By implication, as inflation runs rampant, consumers would more likely spend their money only on products and services that they absolutely need, and hold back on what they don’t. This implies that some more businesses are still likely to shut down, further exacerbating the stress on the already battered economy.
Recall that a few weeks ago, an agency of the federal government, the Federal Competition and Consumer Protection Commission (FCCPC), almost at its wits end, dabbled into price control to ‘deal’ with the ‘rampaging inflation.’ The FCCPC in what looked like a fiat, gave businesses a month ultimatum to crash prices of their products or face some sanctions. This move, although intended to fight inflation, elicited wide criticisms and ire of Nigerians of all social strata, who in unison, condemned such an order. Rather, the government was advised to address the country’s economic challenges in a more realistic manner.

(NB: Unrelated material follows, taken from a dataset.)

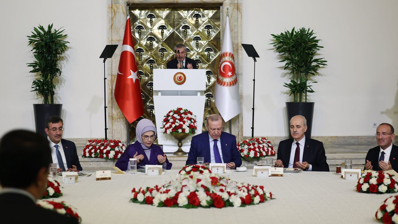 Cumhurbaşkanı Erdoğan, TBMM'de 'Milletvekilleri ile İftar' programına katıldı. Burada konuşan Erdoğan, 'Milli Mücadele'nin en sancılı günlerinde İstiklal Harbimizin Başkomutanı Gazi Mustafa Kemal'in Yüce Meclisimizin kürsüsünden okuduğu, 'Ölmez bu vatan, farz-ı muhal, ölse de hatta, çekmez kürenin sırtı o tabut-u cesimi' mısralarında vücut bulan 'ya istiklal ya ölüm' inancını müstevlilere meydan okuyan yiğitlerin mukaddes davasını bir kez daha kemali hürmetle selamlıyorum. Bu vatan ölmez. Ölmesi farz-ı muhaldır. O farz-ı muhal gerçekleşse de dahi tüm dünya bu ağırlığın altında kalıp çökecektir. Bunun için 'Türkiye Türkiye'den büyüktür' cümlesi sıradan bir söz, hamasi bir söylem asla değildir. Bu ifade Gazi Meclisimizin isminde de zikredildiği gibi kendi varlığının farkında olan bir milletin inancının, iradesinin, aşkının tespit ve tescilidir. Asil ve asıl olan milletin vekilleri olarak bugün o inancı sizler temsil ediyorsunuz. O aşkı sizler temsil ediyorsunuz. O iradeyi sizler temsil ediyorsunuz. Şahsım, ülkem ve milletim adına her birinize ayrı ayrı teşekkür ediyorum' diye konuştu.

In the circumstances at present, the NNPCL should reconsider, and withdraw its latest PMS pricing template, to save the Nigerian economy from more ravaging effects of high inflation. Rather than continuing to dictate fuel prices, the NNPCL should allow market forces to play that role — more so in the so-called liberalised mid- and downstream oil sector. It’s not yet late for the agency to recant or revoke the PMS pricing template. Doing otherwise is highly ominous for the economy.